Scott Base project for Timaru port

A south Island town has been chosen as the site for constructing New Zealand’s new multimillion-dollar Antarctic base.
Antarctica New Zealand announced yesterday the new Scott Base will be constructed at PrimePort in Timaru.

The $344million redevelopment will replace the existing base with three interconnected buildings and upgrade the Ross Island wind farm.
Construction is expected to begin next year once design and planning are completed, and is projected to be finished and transported to the Antarctic by 2030.
The project is expected to generate up to 700 jobs over six years.
Antarctica New Zealand chief executive Sarah Williamson said the decision to work with PrimePort was made after careful deliberation — not least because it had an accessible and available construction site.
‘‘PrimePort has the land available to start construction almost immediately,’’ she said.
‘‘The entire base is being built at the port and will then be shipped south to Antarctica in eight modules on a massive ship.
‘‘Timaru residents will be able to watch the build as it happens.’’
Building the base in New Zealand allowed year-round construction — the Antarctic is in darkness for half of the year — and also meant the buildings could be tested and commissioned before they were shipped south, Ms Williamson said.
Timaru Mayor Nigel Bowen said it was an important project for the city, which was why the council was investing in port infrastructure to support it.
‘‘We have the skills and talent to support this build, it’s a great chance for our community to make a real contribution to Aotearoa’s home in the Ross Sea region.’’
Main contractor Leighs Construction chief executive Gary Walker said it would mean jobs for the region.
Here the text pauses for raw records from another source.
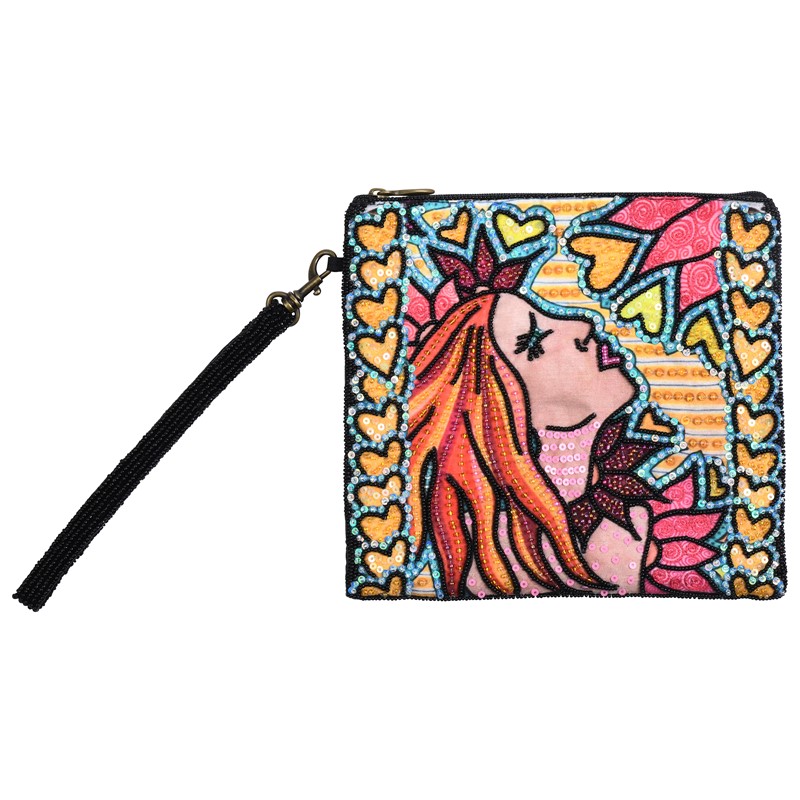Wear her as a clutch, or as a wristlet. 7.5" W x 7.5" H - holds a cell phone, lipstick, sunglasses, keys, cash, and cards.
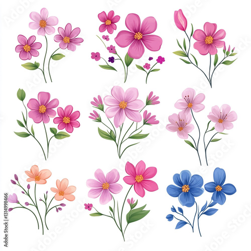 Colorful watercolor floral branch collection
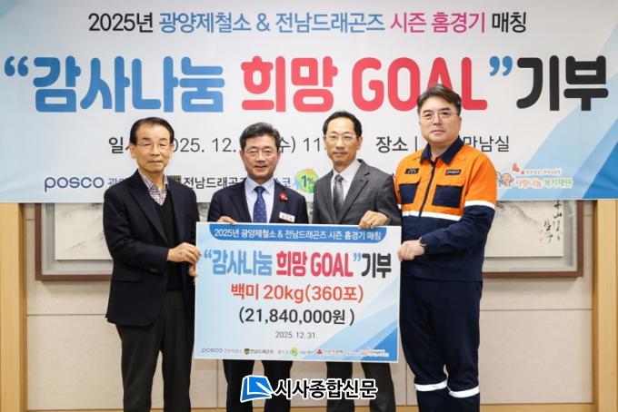 ¡®°¨»ç³ª´® Èñ¸Á Goal¡¯Àº Àü³²µå·¡°ïÁî°¡ Áö¿ª»çȸ·ÎºÎÅÍ ¹ÞÀº »ç¶û¿¡ º¸´äÇϰí Ã౸¸¦ ÅëÇØ ³ª´®À» ½ÇõÇϰíÀÚ, 2013³âºÎÅÍ À̾î¿À°í ÀÖ´Â ´ëÇ¥ »çȸ°øÇå ÇÁ·Î±×·¥ÀÌ´Ù. ÇØ´ç ÇÁ·Î±×·¥Àº Àü³²µå·¡°ïÁî ¼±¼öµéÀÌ È¨°æ±â¿¡¼ µæÁ¡ÇÒ ¶§¸¶´Ù Æ÷½ºÄÚ ±¤¾çÁ¦Ã¶¼Ò°¡ ¸Åα׷£Æ® ¹æ½ÄÀ¸·Î ÇÔ²² Âü¿©ÇØ, ¾çÃøÀÌ °¢°¢ ½Ò 100kg¾¿À» Àû¸³Çϰí À̸¦ ¿¬¸» Áö¿ª ÀÌ¿ôµé¿¡°Ô Àü´ÞÇÏ´Â ¹æ½ÄÀ¸·Î ¿î¿µµÇ°í ÀÖ´Ù.

‘‘We’ll be recruiting in Timaru for this once-in-a-lifetime opportunity. It’s not every day you get to build an Antarctic research station on your back doorstep.’’
The new base would eventually be on the same site as the current base at Pram Point in the Antarctic, allowing continued support of New Zealand’s Antarctic science for the next 50 years.
Antarctica New Zealand received $344million in Budget 2021 to rebuild Scott Base and upgrade its wind farm, which it said would ensure the new base is powered by up to 97% of renewable energy.
The existing base would be deconstructed and shipped back to New Zealand along with all waste and materials at the completion of the project.